СПИВАКОВ: Мы прожили вместе почти восемь лет. В 1970-м, 15 марта, у нас родился сын Саша, и это произошло как раз в то время, когда мы оба готовились к выступлению на конкурсе Чайковского. Нам было нелегко, никто не помогал: мы в Москве, моя мама в Ленинграде. В конце концов тогдашний министр культуры Екатерина Алексеевна Фурцева приставила к нам в помощь няню – ей важно было, чтобы мы хорошо выступили.
…Уход Виктории был для меня шоком, громом средь ясного неба. Хотя внешне все произошло достаточно просто, даже буднично. Однажды она совершенно неожиданно мне сказала:
— Я решила от тебя уйти.
— Почему?!.. К кому?.. – не поверил я своим ушам.
— К Геннадию Николаевичу Рождественскому.
— Но почему?! Ты влюблена в него?
— Нет, — говорит. – Просто я хочу увидеть весь мир.
Что я мог на это сказать? Рождественский уже был прославленной персоной в мире музыки, а я – только подающим надежды скрипачом. Мы еще не поступили в музыкальную школу, когда он в 1951 году уже дирижировал в Большом театре балетом Чайковского «Спящая красавица». Он много гастролировал, был обласкан властями и публикой, имя его гремело…
Мы вышли с ней на улицу, я поднял руку, остановив проезжающее мимо такси, и молча проводил ее в машине до дома Геннадия Николаевича.

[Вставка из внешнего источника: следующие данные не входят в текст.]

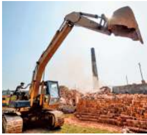
Bangladesh is closing down illegal brick factories to cut high smog levels.

And in Germany, the period from April-July 2018 was the hottest ever recorded in the country, leading to the deaths of over 1,200 people.
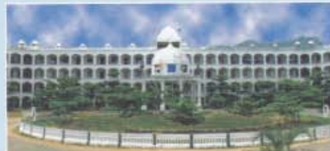
SCAD College of Engg. & Technology

Честно признаюсь, я хотел повеситься. В буквальном смысле лишить себя жизни. Я стал примеряться, рассматривать эту философскую мысль с прикладной точки зрения — когда покончить с собой, каким образом. Меня остановил только Данте, в строках которого я пытался найти утешение. В его «Божественной комедии» есть лес самоубийц. Данте очень живо описал этот путь, когда отчаянная ожесточенная душа самоуправно разрывает оболочку тела. Потом ты превращаешься в семя, из которого вырастает дерево. И в ствол этого дерева начинают вгрызаться гарпии — и ты ощущаешь безумную боль. Данте дал мне понять — мы не уйдем от своей боли, даже сведя счеты с жизнью.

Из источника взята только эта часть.